Она открыла печальные глаза и кивнула головой.
— А сейчас?
— Нет.
— Ты боишься, Наташа?
— Да.
— Его?
— Людей.
Отодвинувшись от нее, он достал кисет и, не закурив, свернул его и спрятал в карман.
— А скажи мне правду, — спросил Устин, — ты любишь его?
— Не пытай ты меня за ради бога, — прошептала Наталья, — ведь муж он мне… дите вот от него…
— Ну, а сердцем?
— Сердцем?.. Он меня любит. Плохого от него я не видала… привыкла. Что ж теперь?.. Видно, доля… Ах, тяжко мне, Устин! — и она горько заплакала.
— Прости, Наташа, я больше не буду. Не надо, слышишь? — Ему стало жаль ее. И когда он подумал о том, что хотел ей сообщить о Митяе, — вздрогнул.
— Перед покровом, — начала грустно Наташа, — после сватанья, я ходила к гадалке. Она зажгла три свечи и дала им три имени. Бабка сказала: «Твори молитву», а сама вышла в сени. Я молилась за тебя, Устин, и глядела на твою свечу. Она ярко горела, и сердце мое радовалось. Потом вошла бабка и сказала: «Молись». Я наложила на себя крестное знаменье, а она хлопнула дверью. Твоя свеча… потухла. Я ходила к попу. Он сказал: «Есть казенная бумага о смерти, надо молиться богу».

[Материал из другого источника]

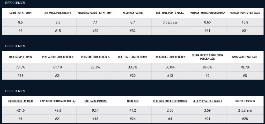 Joe Burrow is playing better than people are giving him credit for. He’s been accurate and efficient, posting a 73.6-percent (No. 18 among qualified quarterbacks) True Completion Percentage, 50-percent (No. 12) Pressured Completion Percentage, and 7 (No. 3) Money Throws. His offensive line has surprisingly protected him well, with an 84.5-percent (No. 12) Protection Rate. Burrow’s problem is that his ceiling is capped because he’s passing at a much lower rate than expected, throwing 25 attempts per game so far. He appears to be a promising play this week against a porous Jags defense, but the projected Game Script and short week doesn’t bode well for his ceiling.
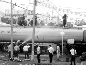 | 油罐车爆炸事故处理现场。 本报记者 林伟 摄 |
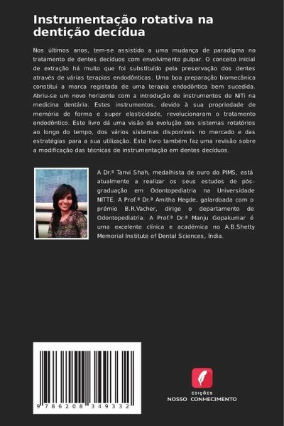 Nos últimos anos, tem-se assistido a uma mudança de paradigma no tratamento de dentes decíduos com envolvimento pulpar. O conceito inicial de extração há muito que foi substituído pela preservação dos dentes através de várias terapias endodônticas. Uma boa preparação biomecânica constitui a marca registada de uma terapia endodôntica bem sucedida. Abriu-se um novo horizonte com a introdução de instrumentos de NiTi na medicina dentária. Estes instrumentos, devido à sua propriedade de memória de forma e super elasticidade, revolucionaram o tratamento endodôntico. Este livro dá uma visão da evolução dos sistemas rotatórios ao longo do tempo, dos vários sistemas disponíveis no mercado e das estratégias para a sua utilização. Este livro também faz uma revisão sobre a modificação das técnicas de instrumentação em dentes decíduos.
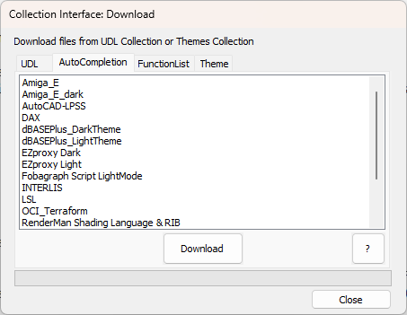 AutoCompletion and FunctionList definitions are associated with a specific UDL, so they can be downloaded along with the UDL (or separately). The Themes are completely separate (from a different Collection), but this interface will work for accessing both.
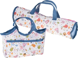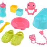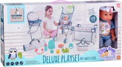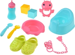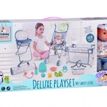 Praktična oprema vključuje jedilni set (skodelico, pribor in stekleničko), kahlico, dudo z verižico, barvne kocke in ropotuljico. Potovalna posteljica z zračnimi mrežastimi stranicami in torbo je idealna za igro in shranjevanje. Zahvaljujoč bogatim dodatkom otroci zlahka posnemajo pravo nego dojenčka ter razvijajo komunikacijo in fino motoriko.
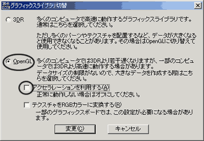 上のようなダイアログが表示されますので、グラフィックスライブラリを「OpenGL」に変更し、「アクセラレーションをONにする」チェック を外してください。 |
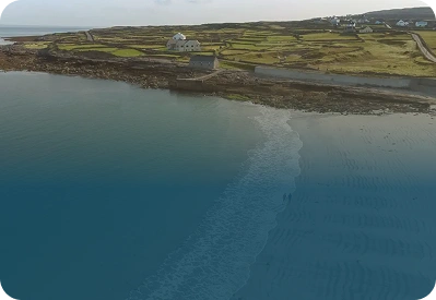 Inisheer (Inis Oírr), the smallest of the Aran Islands is a hidden paradise where golden beaches, rolling limestone landscapes, and vibrant Gaelic culture create an unforgettable experience. From above, the island’s beauty unfolds in a stunning contrast of turquoise waters, green pastures, and winding stone walls.
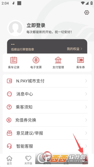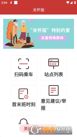 3、在“关怀版”中,有着简介的界面显示,直观的使用扫码乘车查看信息,需要登录才行哦。
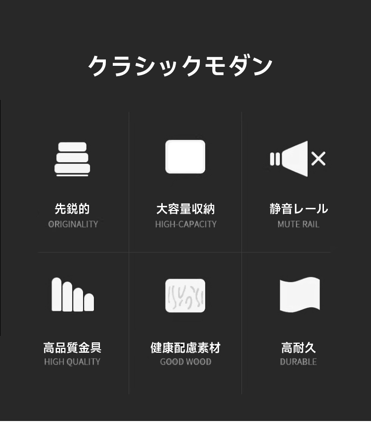 - 【高品質素材と静音設計】E1グレードの環境保護板材と高品質金具を使用し、耐久性と安全性を兼ね備えています。引き出しには静音レールを採用し、スムーズで静かな開閉が可能です。
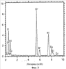 На фиг.4 представлен спектр, полученный спектроскопией с рассеянием энергии, образца кобальт-хромовой шпинели.
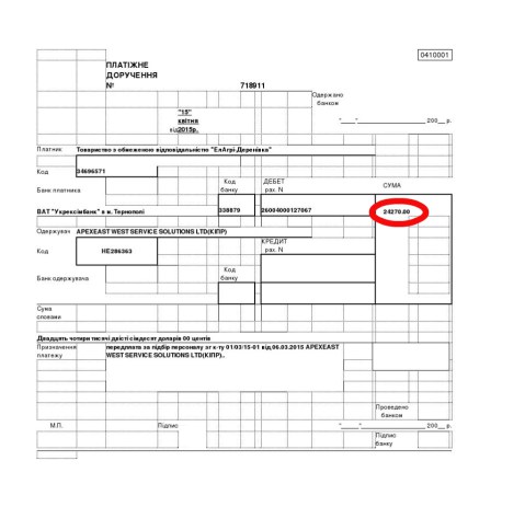 Почти синхронно - 15-17 апреля 2015 года - все эти шесть вышеназванных фирм перечислили на Кипр компании уже знакомого нам Хараламбоса Самира «APEXEAST WEST SERVICE SOLUTIONS LTD» одинаковую сумму - по 24270 долларов каждая. Общая цифра в 145620 $ была перечислена за «подбор персонала».

— Ладно… — прервал Устин. — Я верю тебе, Наташа. Спасибо. Давай об этом больше не вспоминать. Расскажи о Ерке Рощине.
Она посмотрела на него с благодарностью и принялась готовить ужин.
— Вот человек и без ног был, а веселый. В селе его больше всех боялись и больше всех любили. Я вот все девочку его хочу взять к себе. У меня будет ей хорошо. Надо Груздева попросить, он о детишках болеет, как о родных. Ему тоже нелегко, а я одна.

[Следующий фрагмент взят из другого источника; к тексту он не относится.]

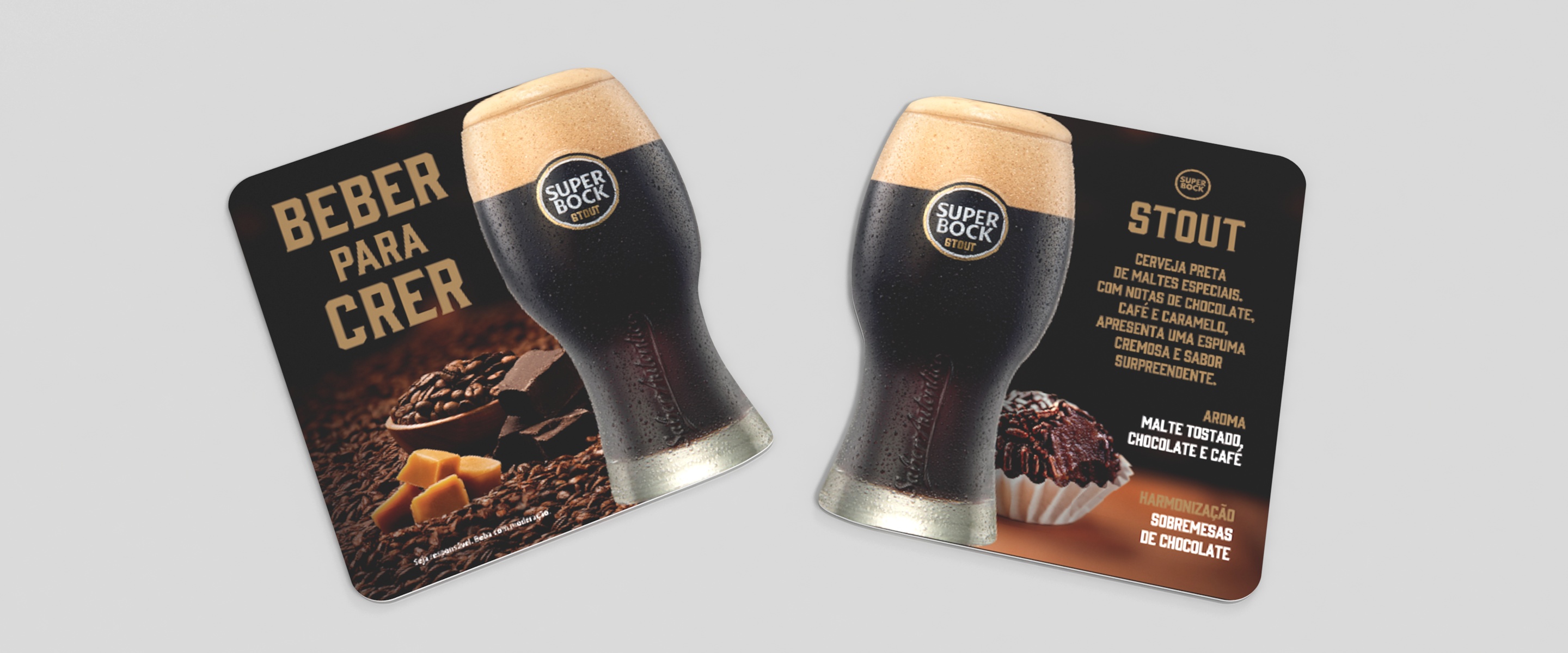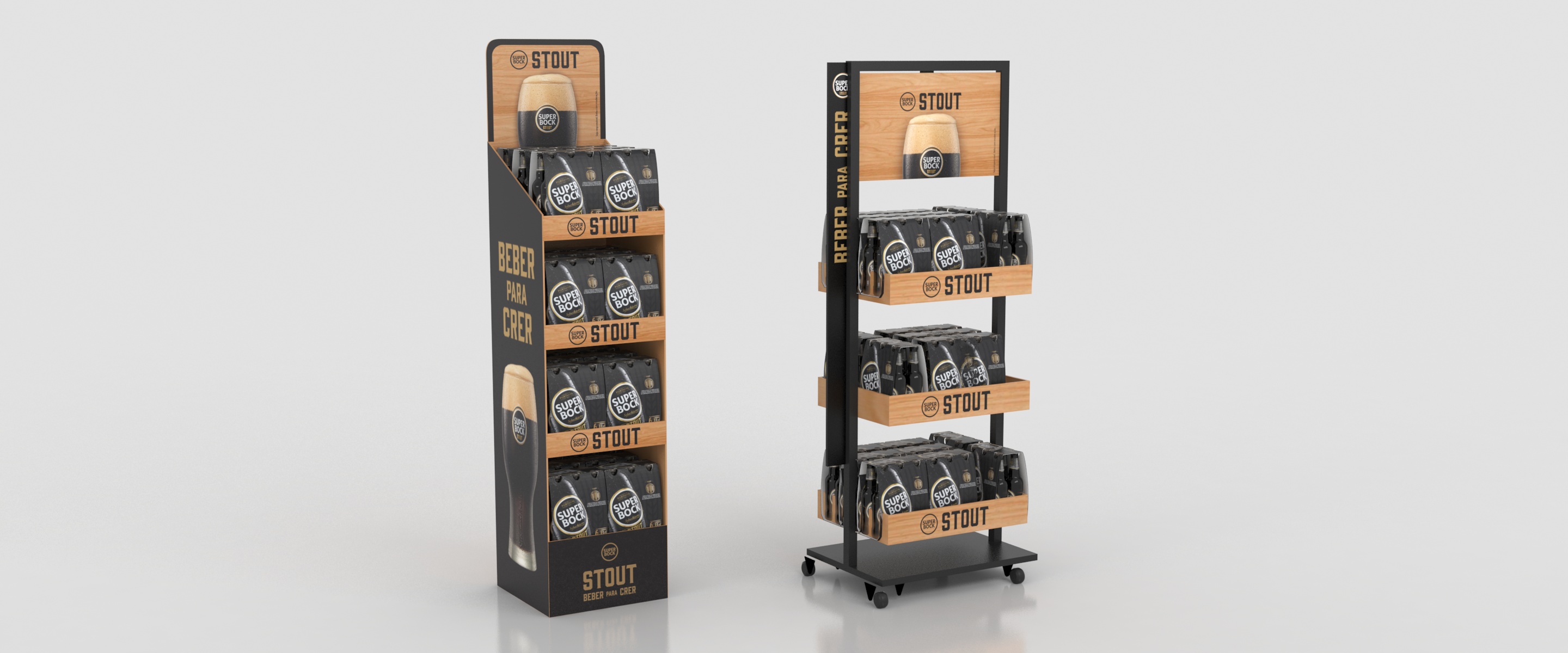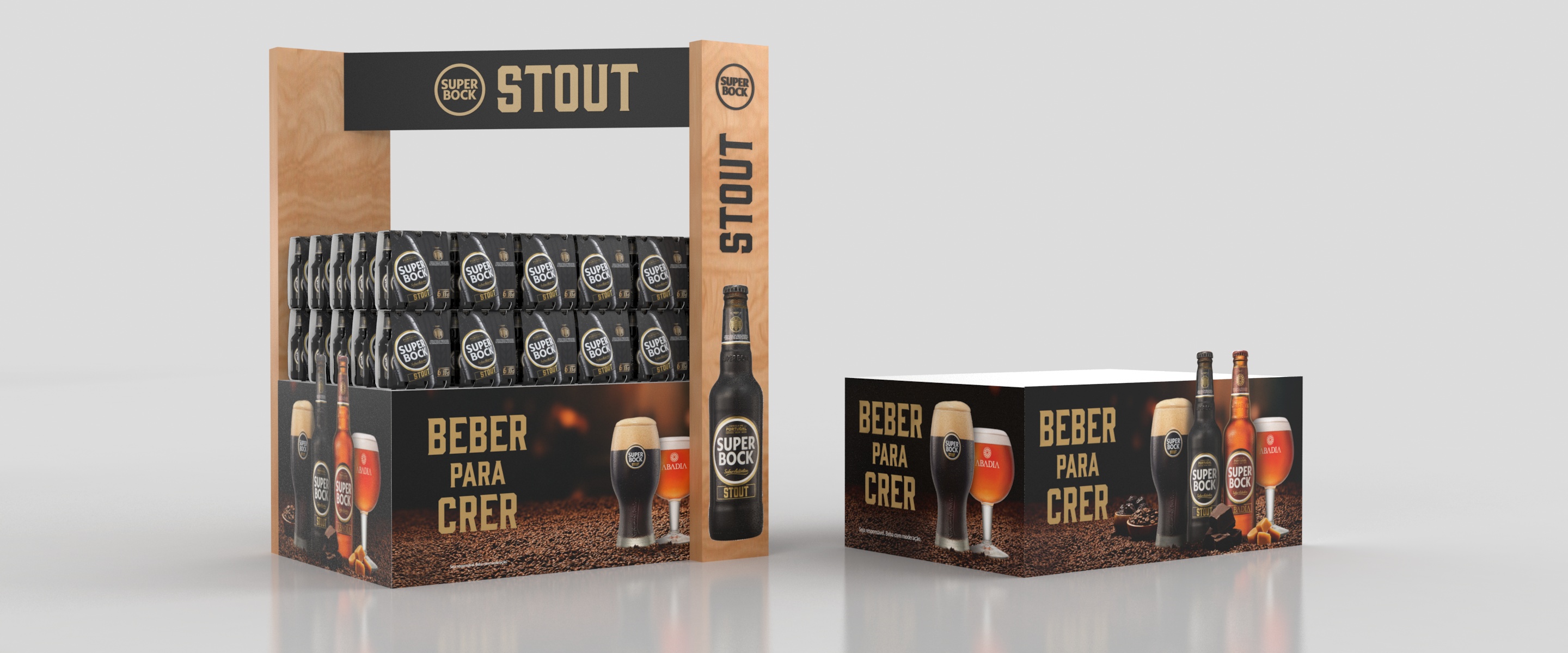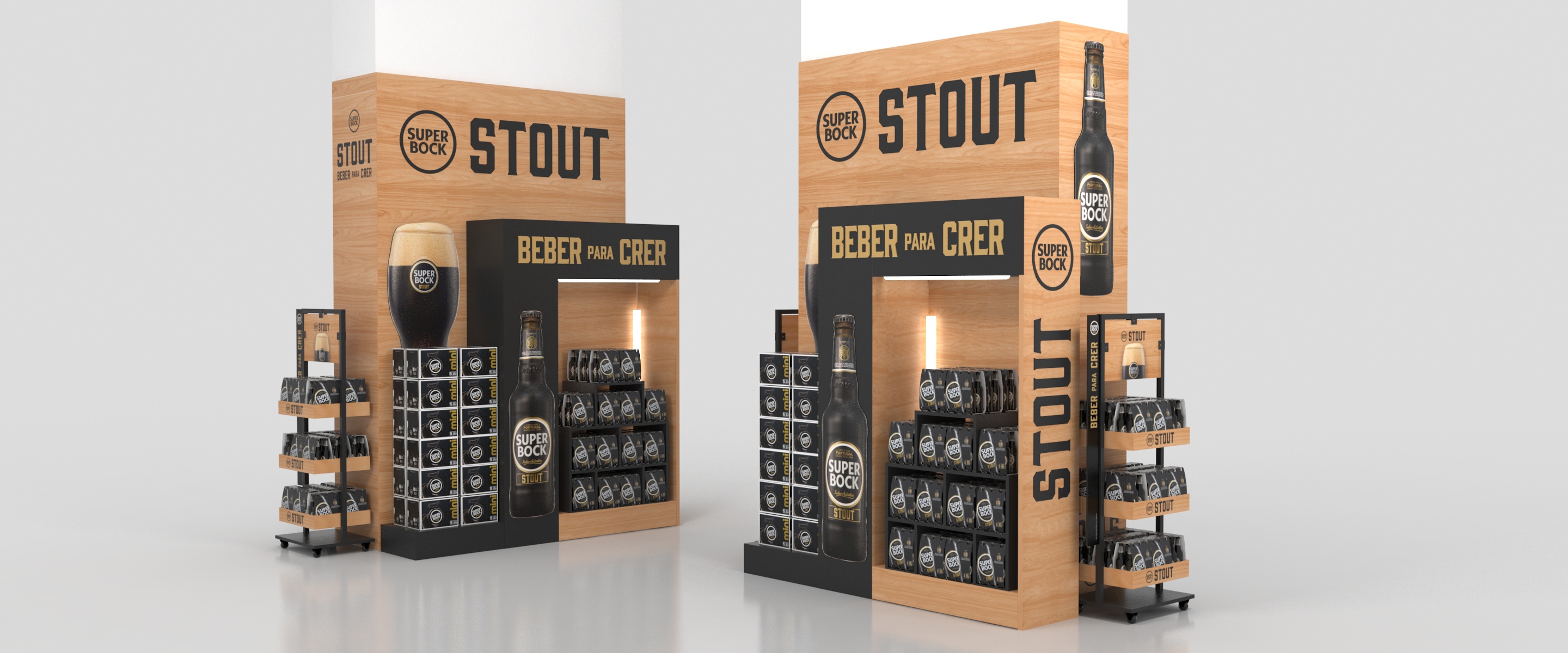 Após longos anos sem grande investimento em comunicação, Stout volta a reforçar a sua imagem como uma referência no mercado da cerveja preta. Para tal foram desenvolvidos diversos materiais para o retail, dando grande visibilidade ao produto e com grande apetite appeal.

Было поздно, когда Наташа убрала со стола, а Устин прилег на постель и незаметно задремал.
В полусне он услышал, что около него кто-то ходит, затем вдруг громкий вопль огласил горницу. Устин вскочил. Посредине комнаты в одной сорочке, с распущенными до колен косами, стояла с заломленными кверху руками Наталья.
— Что такое?! — с ужасом спросил Устин и схватился за винтовку.
— Митяй!.. Господи!.. — Наталья рухнула на пол и, сидя, прижимала к груди картуз.
Зубы Устина дробно стучали… Он растерянно топтался вокруг!
— Наташенька, успокойся, не изводи себя… ну, встань! Слышишь?..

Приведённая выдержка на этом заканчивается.